# About this exercise
Every entry is to be reproduced word for word, but the images are not.

(Records drawn from a dataset)
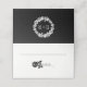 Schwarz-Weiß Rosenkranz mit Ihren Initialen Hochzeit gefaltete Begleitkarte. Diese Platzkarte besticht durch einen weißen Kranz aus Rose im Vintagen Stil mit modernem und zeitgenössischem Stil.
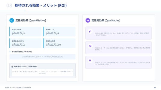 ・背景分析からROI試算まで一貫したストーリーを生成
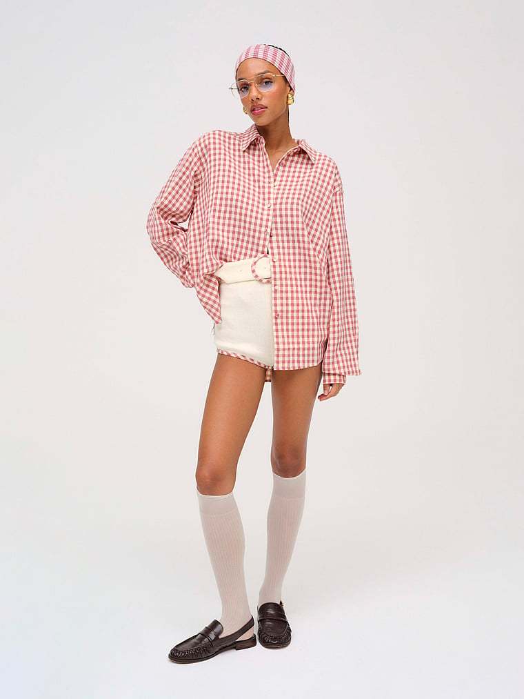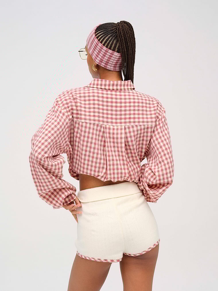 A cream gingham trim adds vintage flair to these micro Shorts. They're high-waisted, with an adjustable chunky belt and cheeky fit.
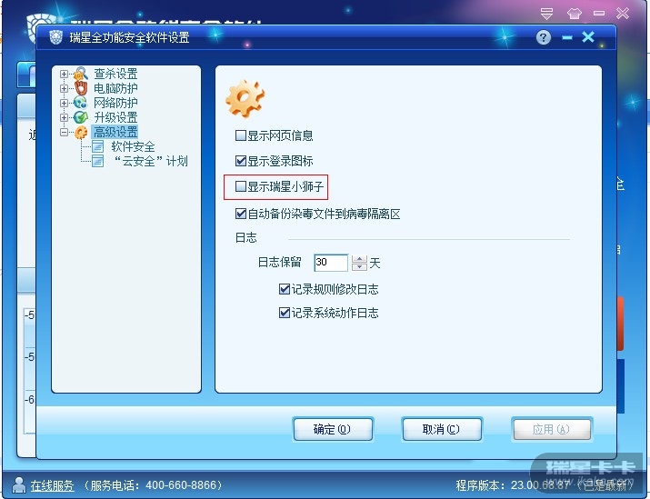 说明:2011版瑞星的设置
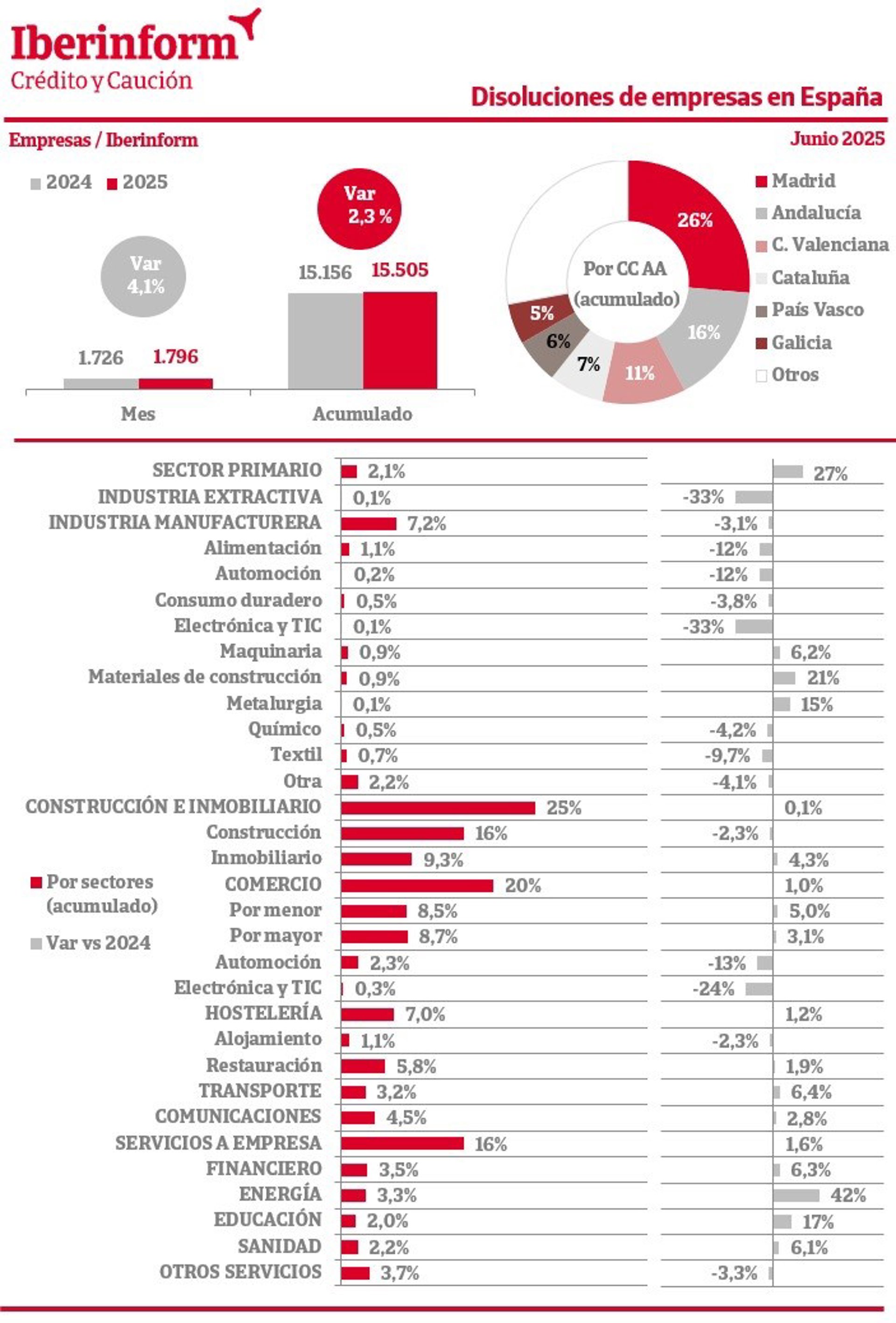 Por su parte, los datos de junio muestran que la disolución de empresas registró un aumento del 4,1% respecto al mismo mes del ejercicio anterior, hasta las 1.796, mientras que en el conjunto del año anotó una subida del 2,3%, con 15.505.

# Solution to the exercise
 Schwarz-Weiß Rosenkranz mit Ihren Initialen Hochzeit gefaltete Begleitkarte. Diese Platzkarte besticht durch einen weißen Kranz aus Rose im Vintagen Stil mit modernem und zeitgenössischem Stil.
 ・背景分析からROI試算まで一貫したストーリーを生成
 A cream gingham trim adds vintage flair to these micro Shorts. They're high-waisted, with an adjustable chunky belt and cheeky fit.
 说明:2011版瑞星的设置
 Por su parte, los datos de junio muestran que la disolución de empresas registró un aumento del 4,1% respecto al mismo mes del ejercicio anterior, hasta las 1.796, mientras que en el conjunto del año anotó una subida del 2,3%, con 15.505.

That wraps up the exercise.